I didn't want to reinvent so many wheels. But profiling the wire
protocol revealed that the overhead of constructing io.BytesIO()
instances to temporarily hold results has a non-trivial overhead.
We're talking >15% of execution time for operations like
"transfer the fulltexts of all files in a revision." So I can
justify this effort.

Fortunately, CBOR is a relatively straightforward format. And we have
a reference implementation in the repo we can test against.

Diff Detail

Repository
rHG Mercurial
Lint
Automatic diff as part of commit; lint not applicable.
Unit
Automatic diff as part of commit; unit tests not applicable.

Event Timeline

indygreg created this revision.Apr 13 2018, 2:26 AM
yuja added a subscriber: yuja.Apr 13 2018, 8:34 AM
yuja added inline comments.
mercurial/utils/cborutil.py
74

I don't think yielding encoder.encode would make much sense
because an array item can also be a nested indefinite array, in
which case, we can't use writeitem().

indygreg added inline comments.Apr 13 2018, 4:00 PM
mercurial/utils/cborutil.py
74

Indeed.

Proper support for nesting will likely require a whole new high-level encoder API. Because state of the nesting needs to be tracked somewhere.

FWIW, the more I'm looking at the CBOR code, the more I'm thinking we will end up having to reinvent the full wheel. Not-yet-submitted commits to add wire protocol commands to do CBOR things are spending a *ton* of time in cbor2. The reason appears to be primarily driven by cbor2's insistence on using write(). There are a few places where we need to emit a generator of chunks. And the overhead from instantiating io.BytesIO instances to handle the write() from cbor2 only to call getvalue() to retrieve the data is non-trivial.

The next version of this may just invent a whole new CBOR encoder with only limited support for types. Or at least I'll change the API so a streaming array doesn't require an encoder be passed in.

indygreg edited the summary of this revision. (Show Details)Apr 13 2018, 5:31 PM
indygreg retitled this revision from cborutil: implement support for indefinite length CBOR types to cborutil: implement support for streaming encoding, bytestring decoding.
indygreg updated this revision to Diff 8152.

I ended up implementing my own CBOR encoder for a starting subset of types.
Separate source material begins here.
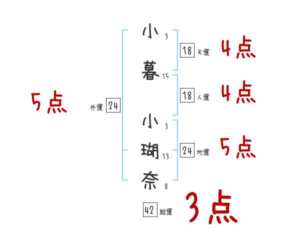 外運![]() | 小暮小瑚奈さんの外運は24画の5つ星!家庭運が良く順調な人生。金運にも恵まれる。 生活面を象徴する運勢です。外部から受ける影響力を表し、結婚運、家庭運や職場、環境への順応性を表します。 |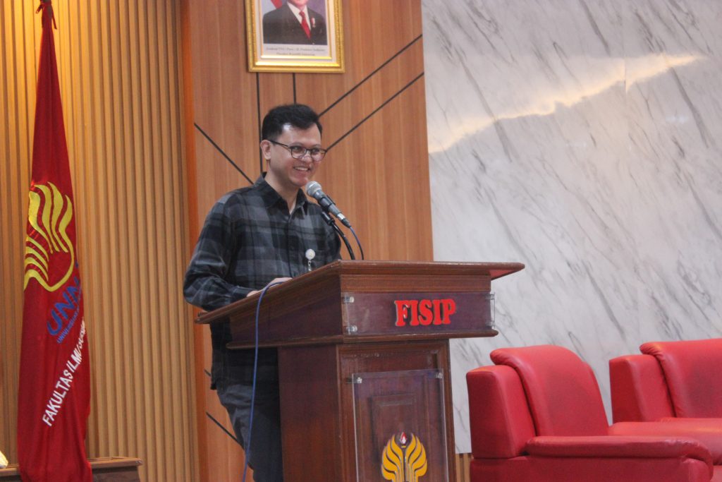 Kegiatan ini dipandu oleh Nadia, Mahasiswa Berprestasi FISIP Tahun 2025, yang bertindak sebagai moderator dan memandu jalannya diskusi secara dinamis.

Profiling the wire protocol server inspired me to do this.

I have a future wire protocol command that emits the fulltext data of every file in a revision. It was taking ~45s CPU to run. After plugging in the new generator based CBOR encoder, that drops to ~31s. All pure Python still too.

indygreg planned changes to this revision.Apr 13 2018, 8:13 PM

I'll probably give this one a little bit more love before I ask for review. We need to at least implement support encoding floats in order to support -Tcbor.

yuja added a comment.Apr 13 2018, 11:18 PM

FWIW, the more I'm looking at the CBOR code, the more I'm thinking
we will end up having to reinvent the full wheel.

Sounds reasonable to me.

We need to at least implement support encoding floats in order to
support -Tcbor.

If it's just for date tuple, I have a patch to get rid of floating-point timestamps
as our timestamps should be effectively ints.

In D3303#53422, @yuja wrote:

If it's just for date tuple, I have a patch to get rid of floating-point timestamps
as our timestamps should be effectively ints.

I believe that's the only place we use floats. Or at least the only place I saw it in test failures.

indygreg updated this revision to Diff 8301.Apr 14 2018, 8:21 PM
yuja added a comment.Apr 16 2018, 9:06 AM

Queued, thanks.

mercurial/utils/cborutil.py
207

Nit: We might have to support subtypes such as util.sortdict.

This revision was automatically updated to reflect the committed changes.